#340 Peephole to eliminate redundant reloads

open
nobody
z80 port (30)
5
2011-11-05
2011-11-05
Brian Ruthven
No

I've seen code generated along the lines of:
ld (hl), a
ld a, (hl)

The second load is obviously redundant, and a peephole optimisation rule could eliminate it in this simple case. This is safe as long as there is no label inbetween the to two, else we could jump here from somewhere else, and would need to reload anyway.

This could be generalised and broadened (although I'm not sure how wide the scope of the peephole optimiser is). I have also seen code such as:
ld b,a
ld (hl),b
ld a,b

'a' remains unmodified, but is reloaded with the same value on line 3.

In theory, this could be expressed more generally along the lines of:

if R1 is loaded from R2, then any number of instructions can follow, then if R2 is reloaded from R1, the second load can be eliminated if R2 is not modified in between the two, nor are there any labels.

In the last example, R1 = b and R2 = a. R2(a) remains unmodified and there are no labels, thus we could eliminate "ld R2, R1", i.e. the last line.

I'm using SDCC : z80 3.0.6 #6988 (Oct 22 2011) (Solaris i386)

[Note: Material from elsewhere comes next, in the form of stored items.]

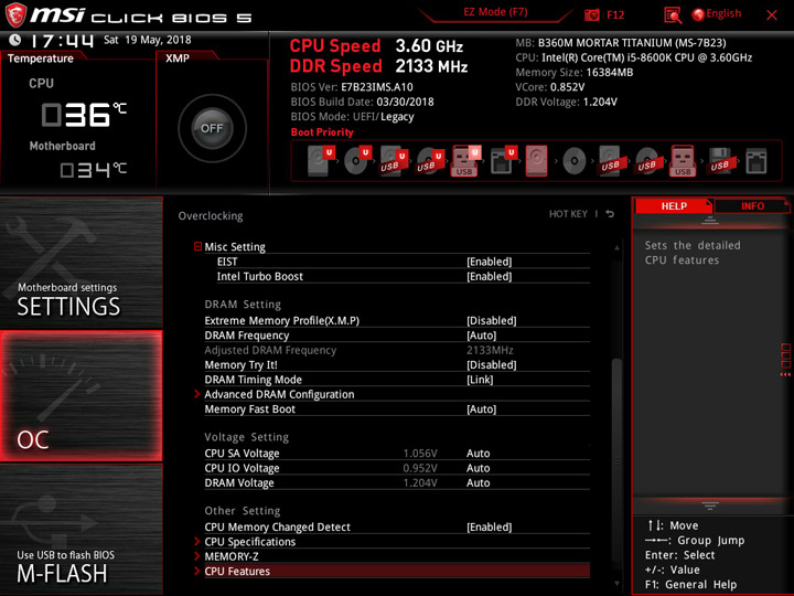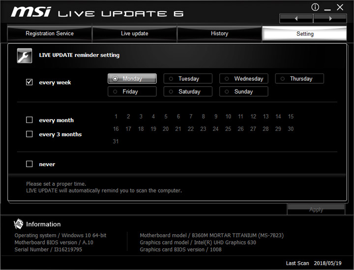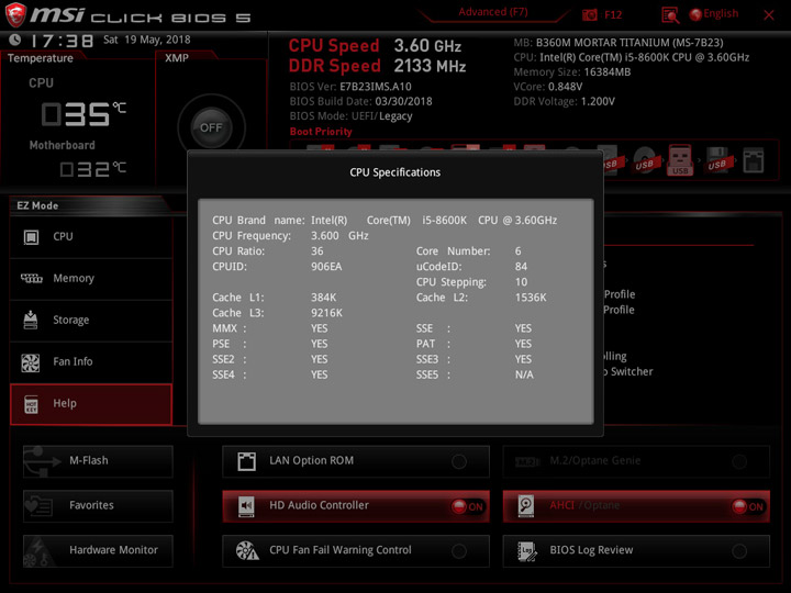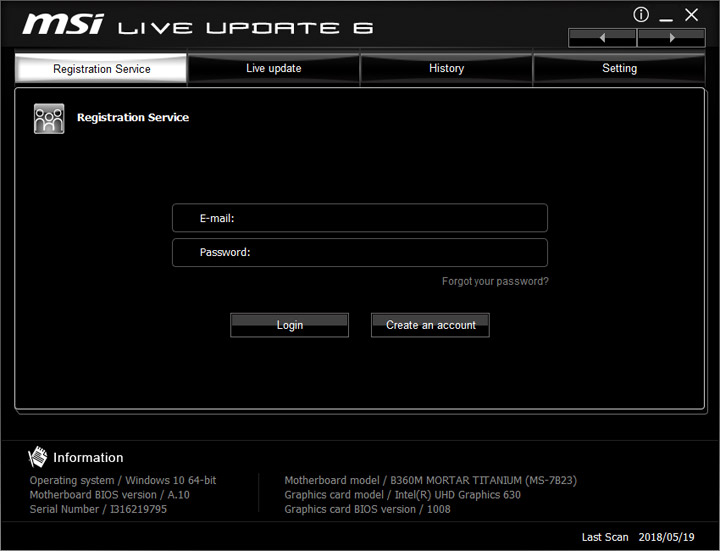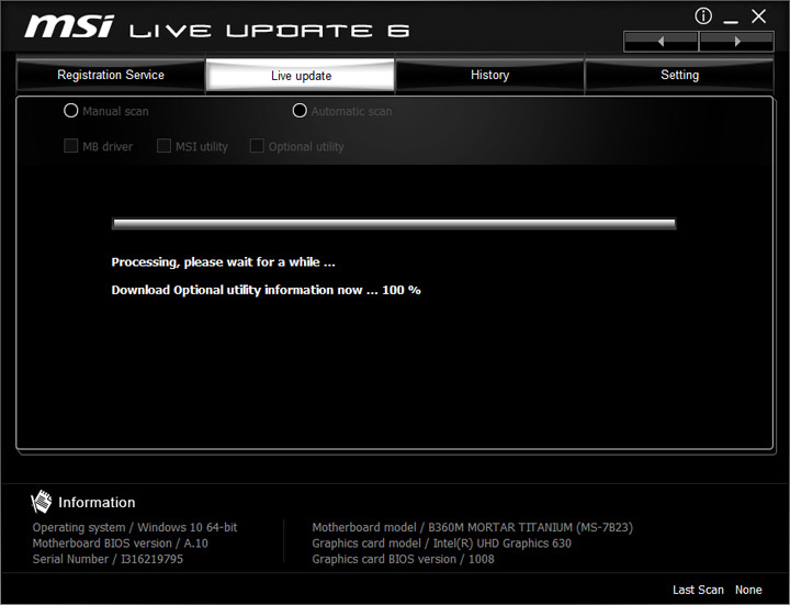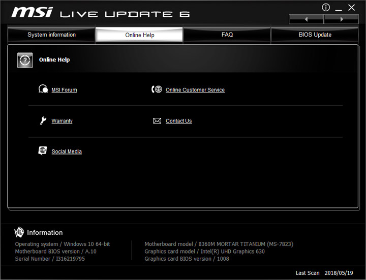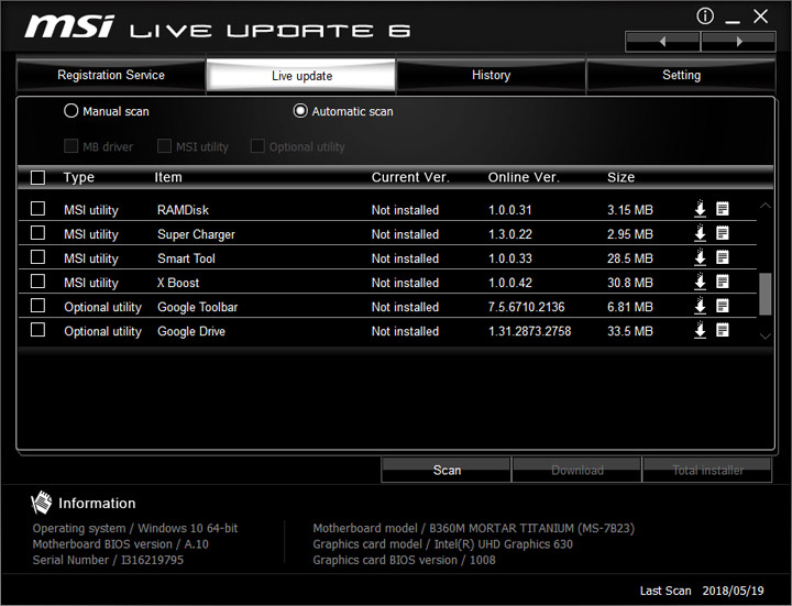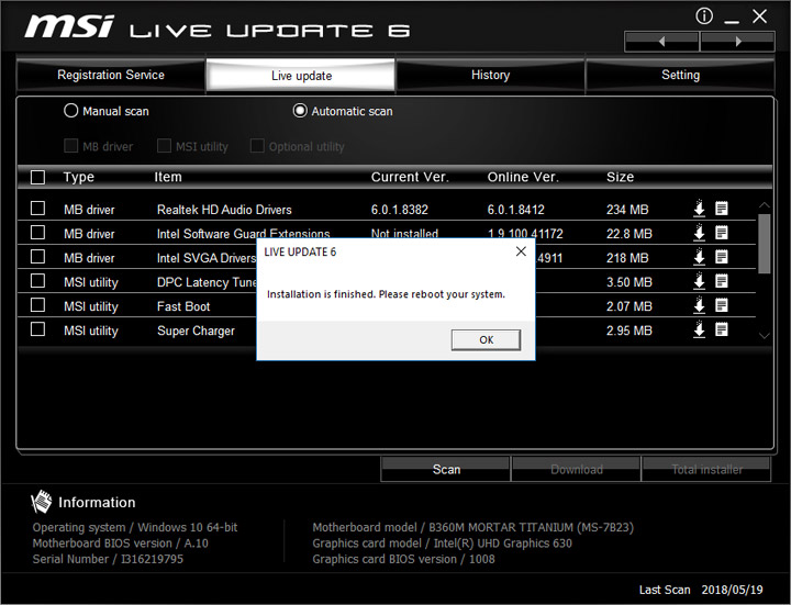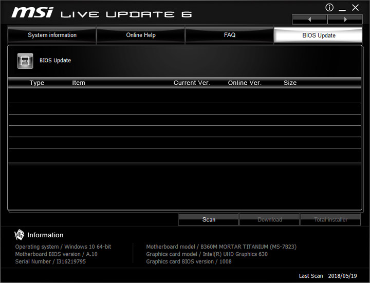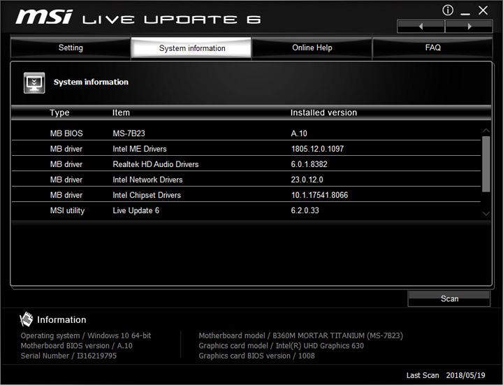 | MSI B360M Mortar Titanium | A.10 | 5.97.4628 | 4.3.784-x64 | 2.4.4264 | 10.0.17134.48 |
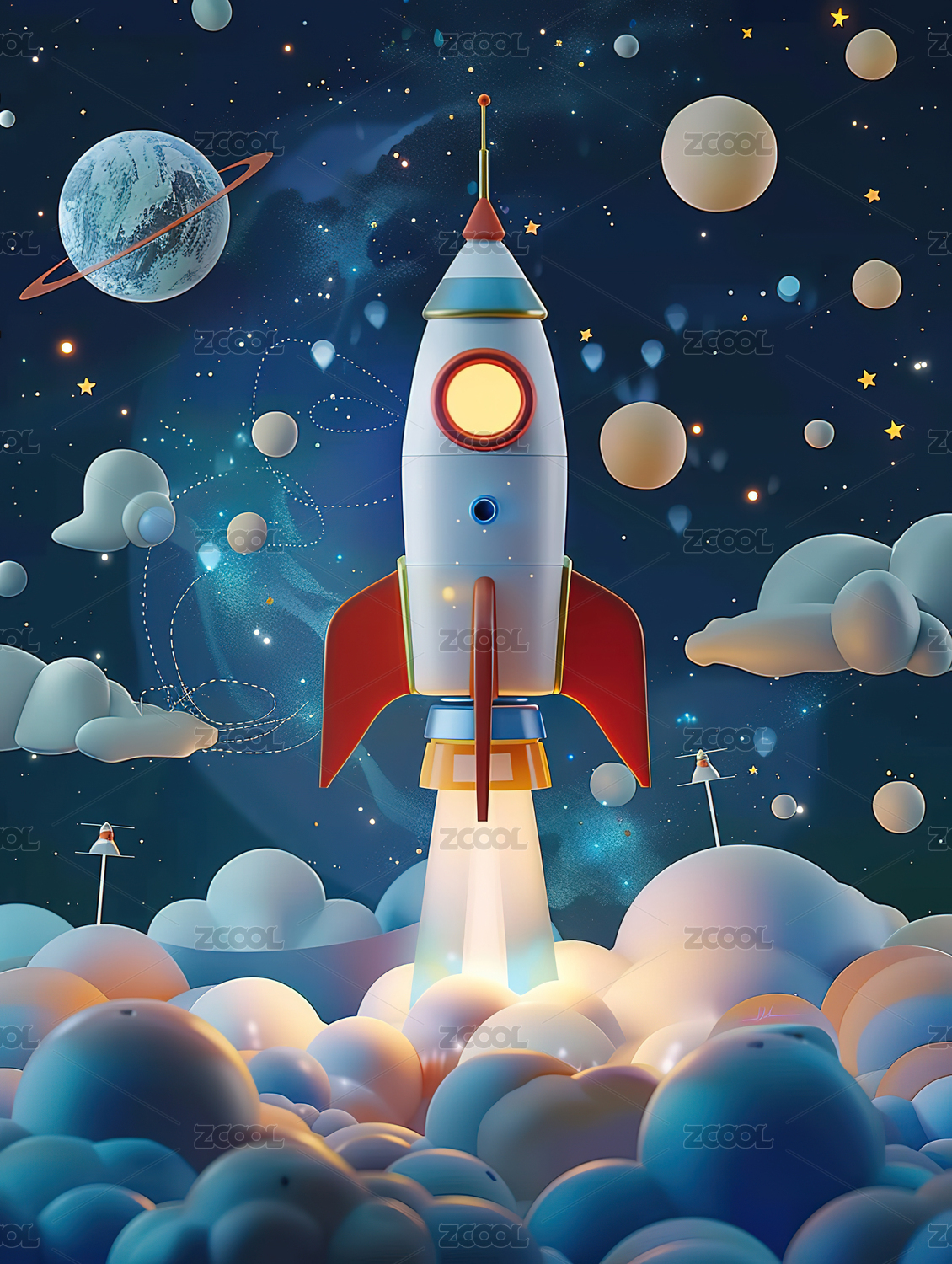 3D卡通火箭飞向太空创意场景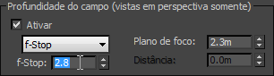 grupo Profundidade de campo, deixe a lista suspensa definida como Parada F (a configuração de abertura). Isso permite que você especifique o grau de desfoque dos objetos que não estão em foco.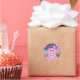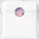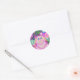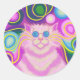 Groovy baby! A pink striped cat with swirling whiskers and a psychedelic rainbow patterned background. Round sticker with a pink, blue, green, purple and yellow customisable design for you to personalise with your own text, images and ideas. An original digitally enhanced coloured pencil drawing by Jess Perry.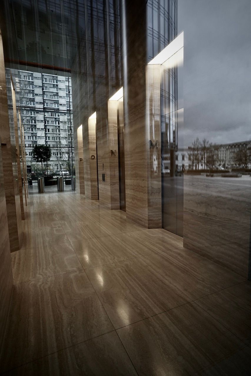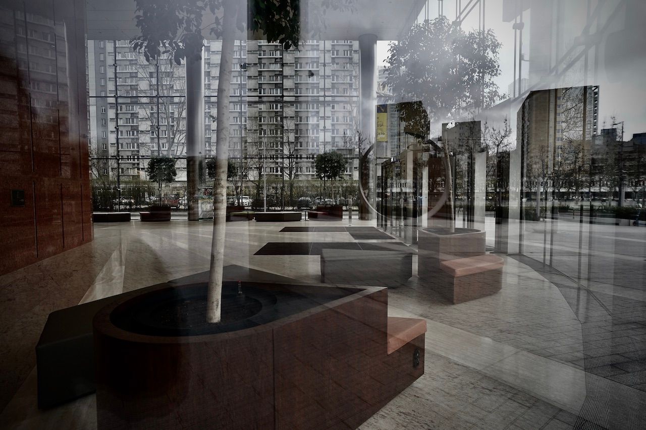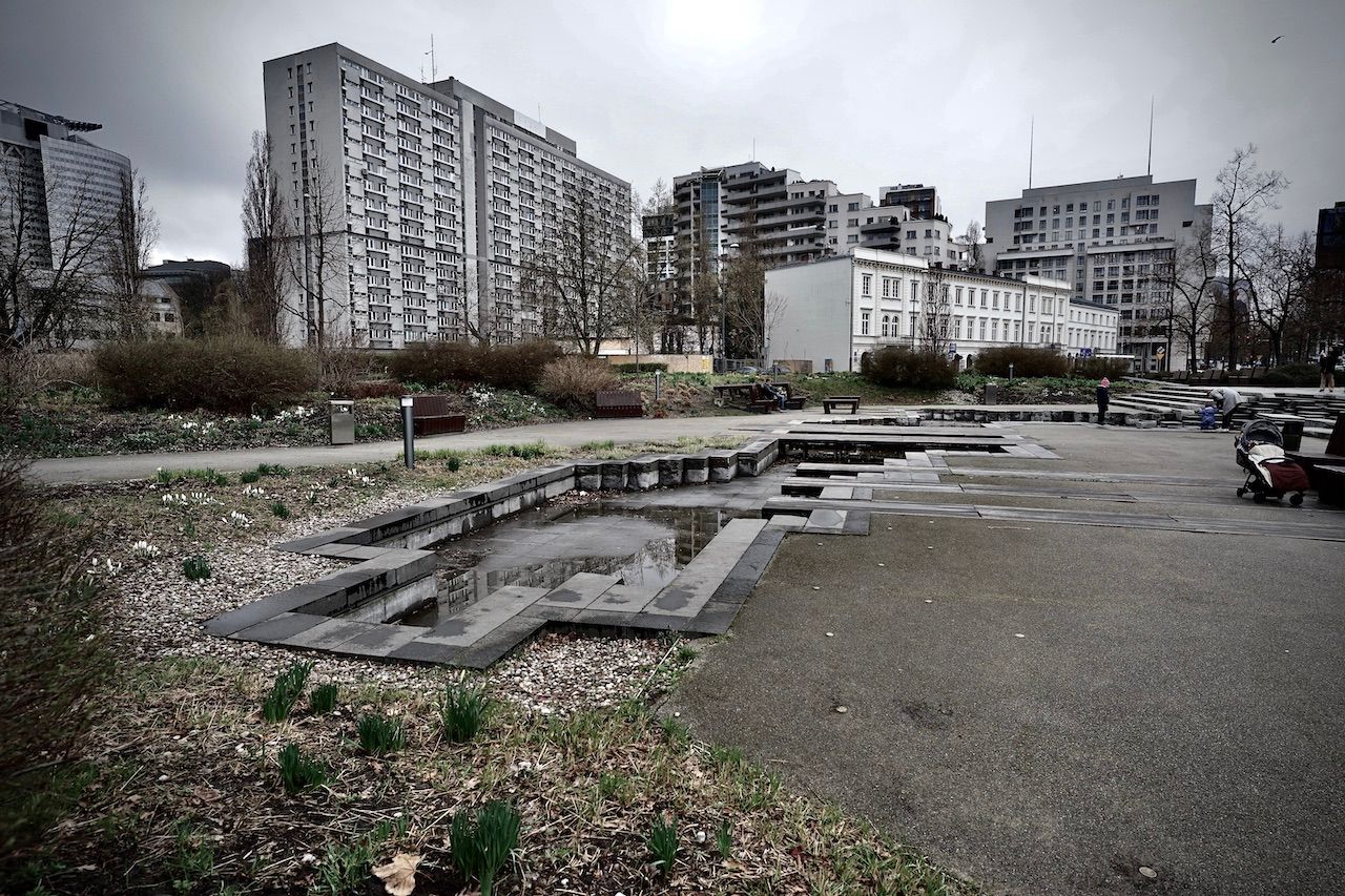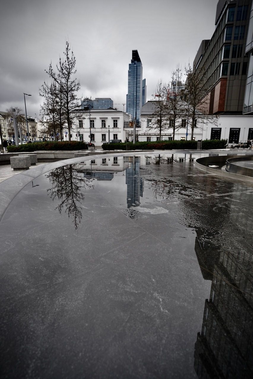 Spring struggles to force its colour in the foliage surrounding The Warsaw Spire. Dry fountains yawn under the stares from monolithic towers. A myriad of reflections, of views merely glimpsed through eyes forced narrow by the wind.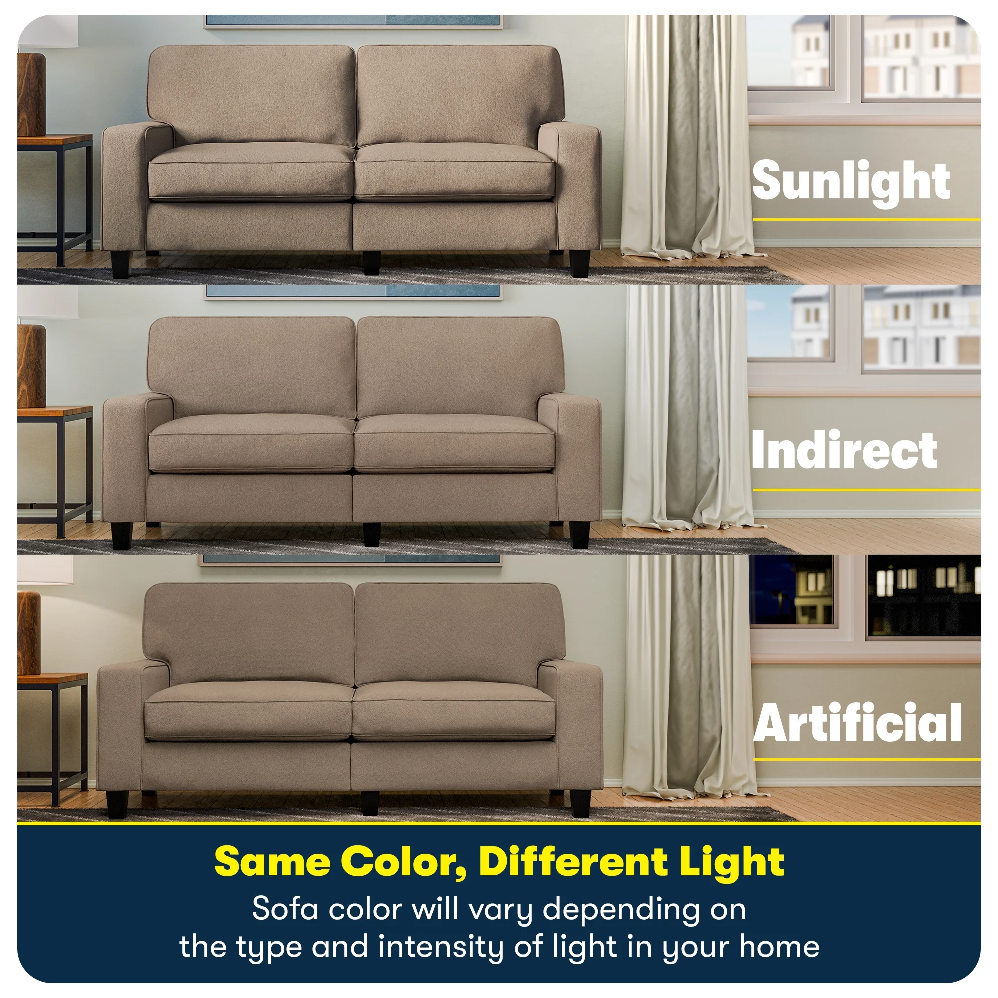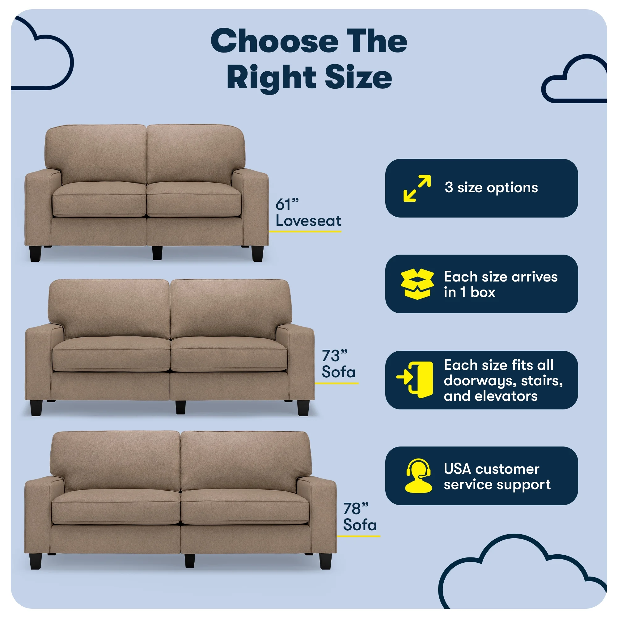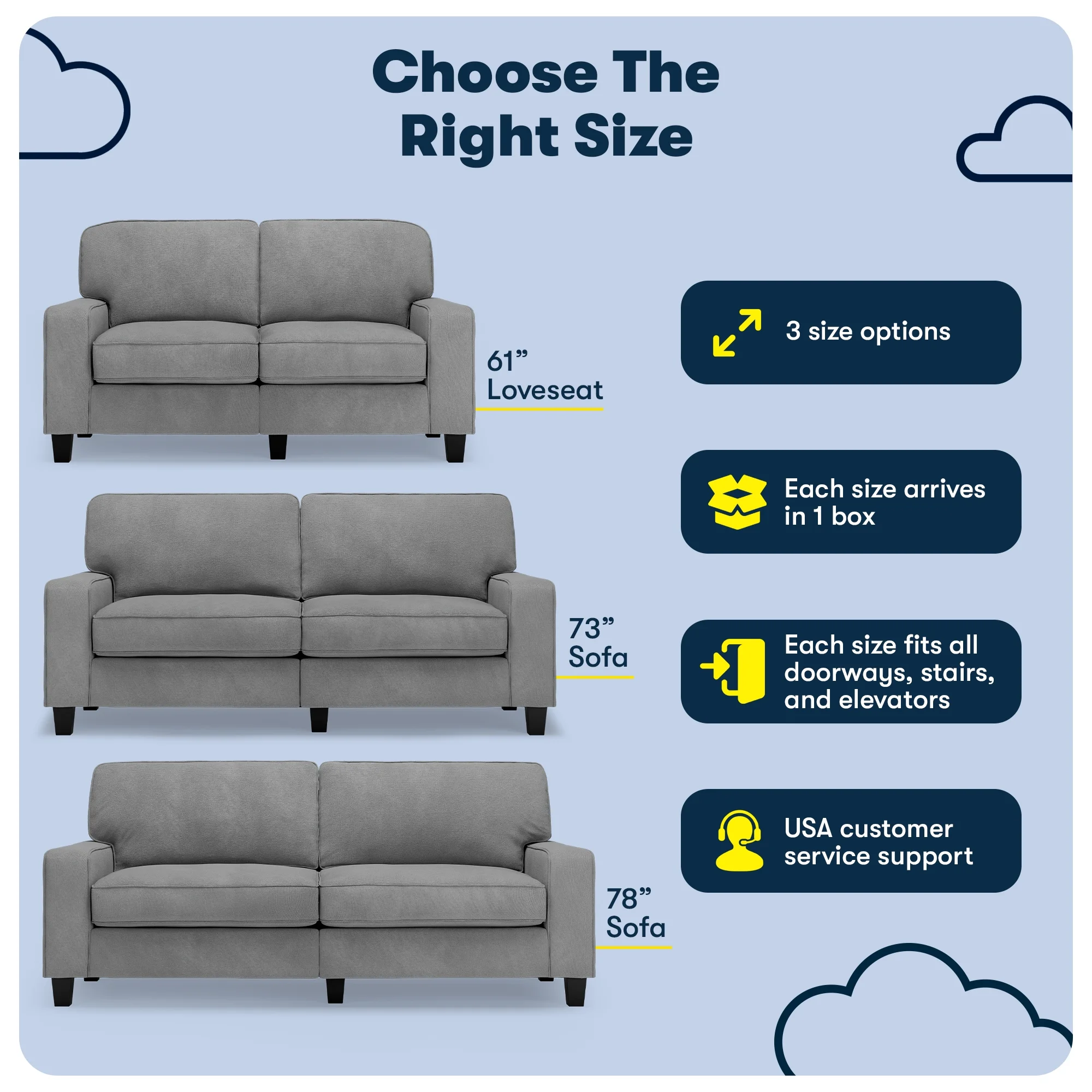 Whether you're furnishing your first home or seeking a space-saving solution for your existing space, Serta delivers. Our conveniently packaged sofas arrive directly at your door in one carton, and they provide the perfect blend of style and comfort you've come to expect from Serta. Don't let living in a modestly sized apartment, or being on a managed budget, be the limiting factors to creating a welcoming home. The Serta Palisades collection is designed specifically for smaller living spaces, offering 61", 73" and 78" length options. With a seat depth of 20.5" you can still relax comfortably without the sofa taking up too much space. However, this means the sofa's proportions are better-suited for users under 6 feet tall. The unopened box will fit any doorway, hall, stairwell, or elevator. Once in your home, it will thrive in smaller living rooms or home offices, but is a versatile choice for dorms, kid��s rooms, den, and family rooms. Plus, its low-profile will make any smaller space feel open and airy, giving the freedom to mix and match with other furniture pieces. This inviting sofa features clean lines and track arms for a timeless look. Upholstered in an anti-pilling polyester fabric or durable bonded leather, the Palisades is easy to care for and spills are simple to clean. 16 color options are available to complement your d��cor. Please note that the actual color may differ slightly from what appears online depending on the amount of light and the positioning of the sofa in any space. Soft pillow backs, generously filled with soft fibers, rest against a backrest with structured webbing to keep things comfortable and supportive. The seat cushions are filled with high-density, non-recycled Serta quality foam, which cover individually wrapped pocket coils for a supportive core and semi-plush sit. Welcome the Serta Palisades Sofa into your home for modern style and comfort with space-saving functionality. Lounging or relaxing has never been so convenient.

Example code is attached for inspection. I accept that the way this came about could be classed as a struct/union handling issue, but if the more general form above can be expressed as a peephole rule, it could have benefits elsewhere as well as here.

Discussion

  • Brian Ruthven
    Brian Ruthven
    2011-11-05

    Example code

     
    Attachments
  • ld (hl), a
    ld a, (hl)

    Unfortunately, in the peephole optimizer, we don't know if hl is pointing to a volatile variable, in which case we cannot optimize the read of (hl) away.

    Philipp